Facebook and Google together now capture 99% of the growth in advertising revenue, according to Digital Content Next data. Do the findings of the Kitewheel report suggest that trend could be bent downward—if local news improves its engagement with its audiences and shows brands how it’s doing that?
Yes, it can be bent downward, if local news organizations adopt customer journey strategies. As I mentioned before, we’re already seeing direct-to-consumer brands migrating away from the big platforms because they’re too saturated.
There is a major opportunity for any organization with an audience, including local publishers, to invest in deeper audience insights that drive more interest from potential advertisers.

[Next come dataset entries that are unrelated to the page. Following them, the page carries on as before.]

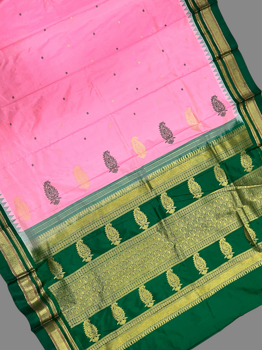Peshwai Border Peach Pink Pure Silk Saree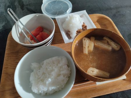 ごはん、お味噌汁(豆腐、しめじ、揚げ)、大根おろし納豆、明太子、人参りんごジュース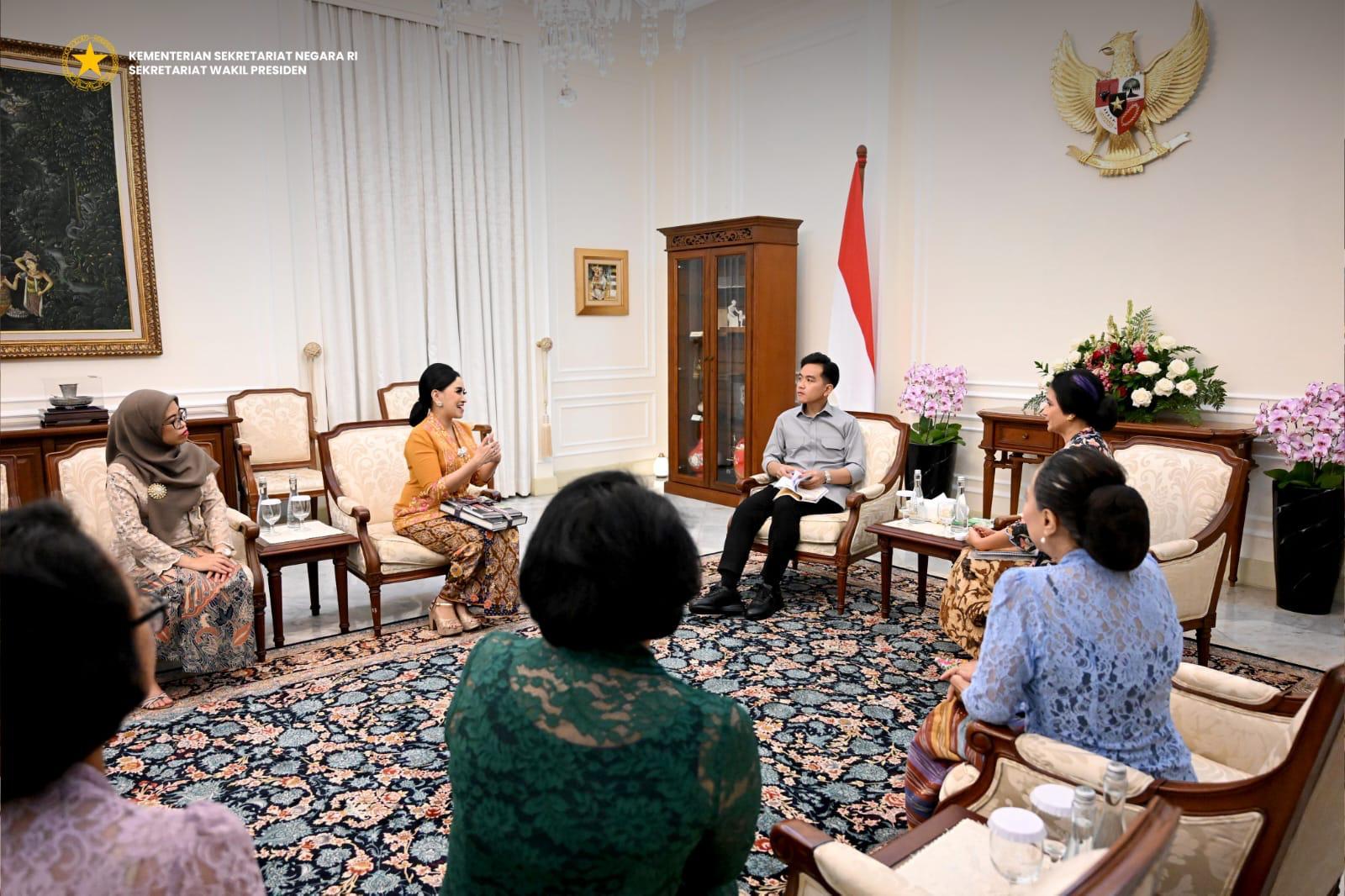 Wakil Presiden (Wapres) Gibran Rakabuming menerima audiensi Komunitas Kebaya Menari di Istana Wakil Presiden, Jakarta, Jumat (03/10/2025). Dalam pertemuan tersebut, Wapres menyampaikan dukungannya terhadap peran komunitas ini dalam melestarikan kebaya sekaligus menjadikannya bagian dari diplomasi budaya Indonesia di kancah internasional.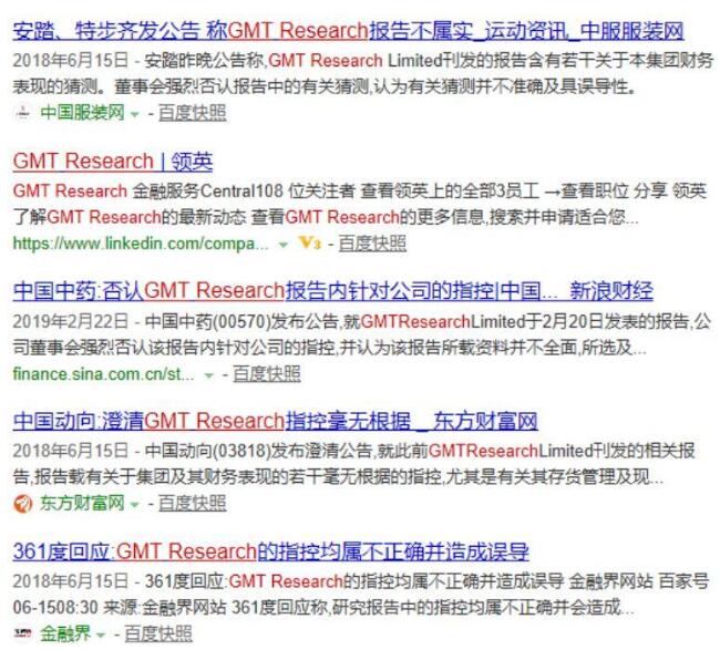 GMT Research历史上黑过的公司主要集中在医药和体育品牌两大行业。中国中药、国药控股皆被其唱空过,而安踏、特步、361度也曾遭其指控。
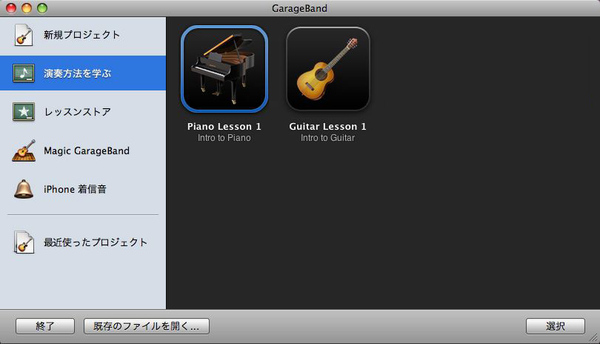 機材のセットアップが完了したら、早速、GarageBandでレッスンだ! GarageBand '09のレッスンには、「基本レッスン」と洋楽の有名アーティストによるレクチャーが受けられる「アーティストレッスン」がある。初めてピアノを弾いてみるなら、まずは無料の基本レッスンから始めよう。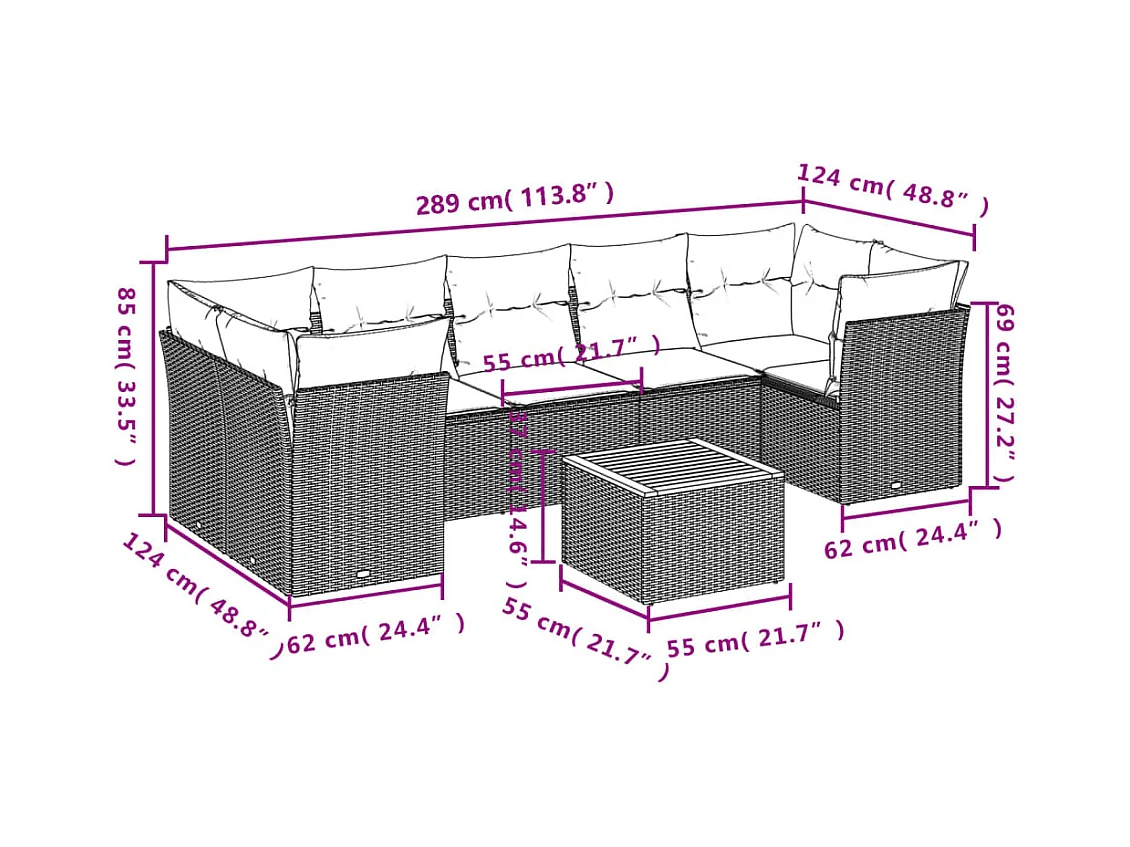 5 pzas Salón de jardín con cojines ratán sintético gris ES70380

The new Nielsen Media Lab survey commissioned by NewsCorp finds users see a more positive relationship between news and advertising than with other publisher categories like sports, travel, entertainment, food, and fashion/beauty. Does this correlate with the Kitewheel findings?
A key message of our report is that deeper insights into consumer behavior drive better outcomes, and I think many publishers have taken this to heart over the past few years. Our own research shows that decisioning on the adtech channel (for optimizing the delivery and targeting of ads) is growing rapidly, so it’s not a huge surprise that the Nielsen study found purchase intent rising in all publisher categories, with news being the leader. Ads are getting better and more relevant.
News publishers are in a particularly advantageous position because in many cases they have built trust-based relationships with their audiences. An extension of that trust would be only running ads and offers that resonate with, and provide value to, their audiences. Saturating pages with irrelevant and annoying ads has the exact opposite effect, so it’s good to see that more publishers appear to be taking viewability concerns to heart.